J'ai été longtemps l'associé de Lacroix. Ensuite, Bernard Arnault m'a demandé de venir dans son groupe. J'ai eu un peu peur de LVMH qui me semblait loin de moi, très financier. Finalement j'ai accepté à condition de rester free-lance. Je lui ai dit « je vous donne ma liberté en échange de Lacroix » qui reste l'une des signatures les plus connues en notoriété spontanée. Pendant neuf ans, je me suis frotté difficilement à gestion d'une maison de Haute Couture et à sa cuisine. La mode c'est aussi de la finance. P-dg et créateur sont des races très opposées, je fais un travail de médiateur.

Ne seriez-vous pas tenté de dupliquer votre savoir-faire au design ?


Ça me ferait un peu peur car je n'ai de sensibilité que pour la mode. Et surtout pour le côté très purement humain de ce métier. Les dernières collections, je ne m'en souviens pas précisément. Ce qui m'est un peu égal. Mon intérêt, c'est de sentir le créateur car je sais tout de suite s'il est en forme et de quoi un défilé est annonciateur. Je ressens les gens plus que les vêtements. Je suis direct. J'ai horreur du baratin et de la langue de bois, si je n'aime pas, je le dis. Les créateurs savent bien s'ils ont réussi ou non une collection. La vraie sincérité est rare et j'estime que c'est la seule manière de dire que j'aime les gens.

Sur quoi repose votre succès ?


Sur l'intuition, la conviction, la clairvoyance. Quand je suis habité par une conviction, je crois que j'impressionne et les gens me suivent.

On raconte que vous vous heurtez régulièrement avec Bernard Arnault ?


Nous nous sommes beaucoup accrochés depuis quinze ans, mais je crois que ce qu'il apprécie, c'est le fait que je lui donne toujours un avis sincère et loyal, quitte à batailler. Si je lui livre une déception ou un enthousiasme, il me semble qu'il en tient compte. Il sait que je lui parle avec sincérité. Mais je sais aussi qu'un jour, il ne trouvera plus d'intérêt à mon usage. Il changera alors d'interlocuteur. Mais il refuse qu'on dise que je suis son "conseil".

Comment parle-t-il de vous ?


A cette question, il a répondu que j'avais inventé un métier. C'est plus ce que je suis que ce que je fais qui l'intéresse.

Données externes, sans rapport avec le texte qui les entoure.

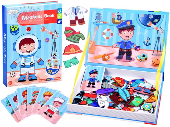 Pudełko zawody męskie to zestaw 59 magnetycznych ubrań oraz akcesoriów do ubrania modela, z którego można stworzyć piłkarza, ogrodnika, budowlańca itp. Fantastyczny kreatywny zestaw zamknięty w twardym, tekturowym pudełku imitującym książkę. Zestaw zawody pozwala dziecku samodzielnie decydować o ubraniu modela, ale także może skorzystać z podpowiedzi kart, na których są chłopcy w dostosowanych strojach do danego zawodu.
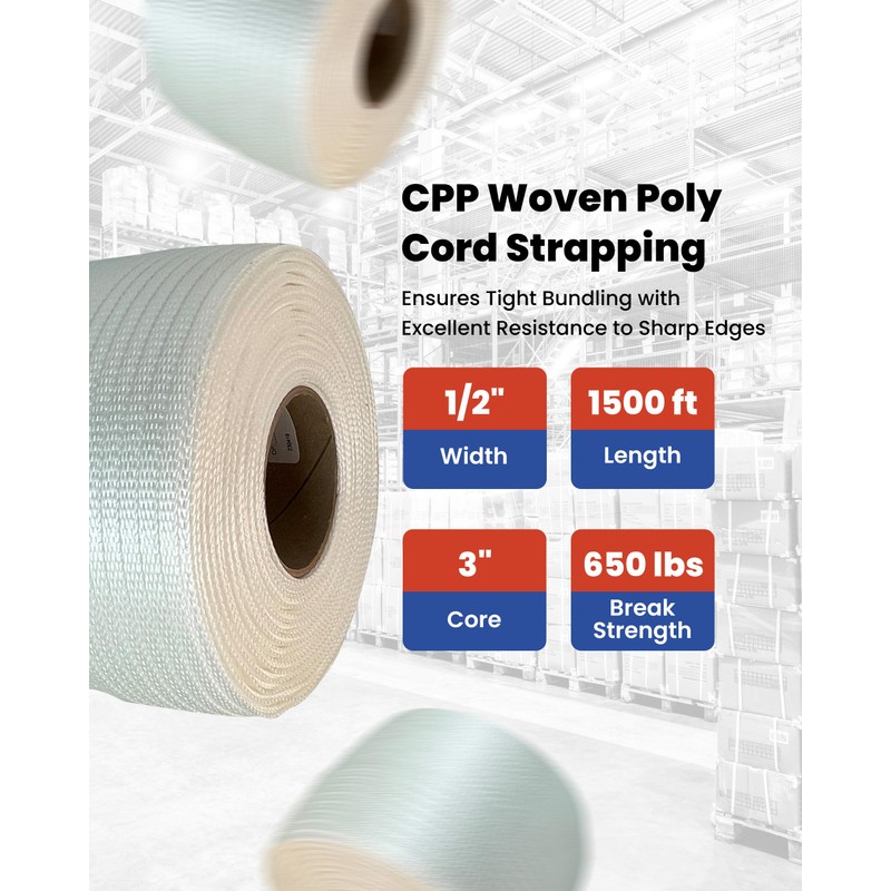 - Versatile Size Options: Our woven poly cord strapping comes in various sizes, including 1/2" to 1 ½" widths and lengths up to 2500 ft. Our strapping caters to both light and heavy-duty applications, ensuring a perfect fit for your packaging requirements.
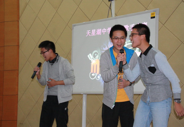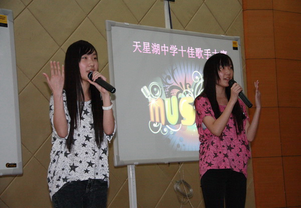 天星湖中学校园“十佳歌手”比赛经过前期激烈角逐选拔出二十组选手,10月26日晚于学校报告厅举行了紧张激烈而又欢快热烈的决赛。 6:30 比赛正式开始。音乐的细胞在选手们心中蠢蠢欲动,整个晚会流光溢彩。观众席上除了每个选手自带的后援团,班主任、家长也参与到比赛当中,所有人都因这场比赛而激动不已。 决赛选手们依次演唱《蝶恋花》、《老男孩》、《突然好想你》等耳熟能详的歌曲;高一(3)班陆思思一曲《叶子》用甜美的歌声将我们带入静谧的境界;高二(10)班耿啸又以《北京北京》向我们展示新一代学生对未来的向往;高二(2)班瞿阳的《新贵妃醉酒》将比赛推向高潮,亦真亦幻的男女声转换让观众如痴如醉。 好歌一首接着一首,高潮一个连着一个。这不仅仅是一场比赛,更是一场视觉的盛宴,听觉的享受。在跌宕起伏的歌声中,新一届天星湖中学校园“十佳歌手”新鲜出炉。同学们通过这个舞台,展现了自己的多才多艺,体现了多彩的校园文化。 本次校园“十佳歌手”决赛,我们请到了葛红军校长、黄夏炎主任、何国炎老师、沈亚威老师等担任评委。 校园十佳歌手及获奖情况: 一等奖:高一(2) 叶柔柔 二等奖:高一(8) 朱天琦 高一(11) 李煜欣 高二(2) 瞿 阳 三等奖: 高一(1) 朱一丹 高一(3) 季星童 高二(2) 耀杰靖组合 高二(2) 曹天琦 吴 真 高二(7) 姚紫欣 王紫悦 高二(12) 马鹏伟
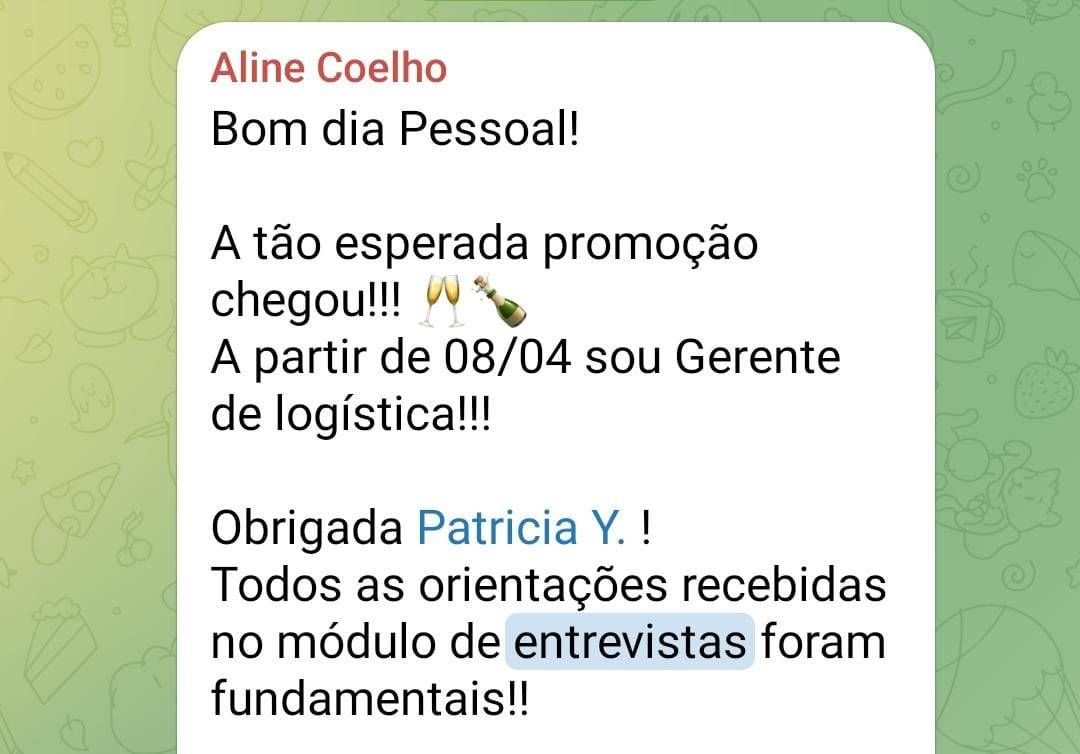 Aline, seguiu as orientações de entrevista que eu dei e conseguiu se tornar Gerente de Logística.
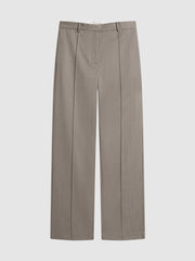 - Waisted, straight-slim leg, fly-front closure, belt loops, pintuck detail, side seam pockets, back asymmetric

Vous êtes également conseiller de Ganz ?


Non, j'ai seulement une mission très intuitu personae de 3/4 mois sur le magazine Femme. C'est la première fois que je rentre dans les cuisines d'un féminin. Isabelle Lefort, la rédactrice en chef, m'avait demandé d'être le garant de la ligne rédactionnelle, de faire en quelque sorte une pré-lecture. Maintenant qu'elle est partie, je me retrouve avec une mission que je peux difficilement honorer. J'attends donc une nouvelle proposition d'Axel Ganz.

Quel est l'aspect de votre métier de consultant que vous aimez le moins ?


Le plus cruel dans nos métiers de consultants, c'est que souvent, après des heures de discussion, je m'aperçois que la personne la plus responsable de la "maladie" est celle qui m'a sollicité.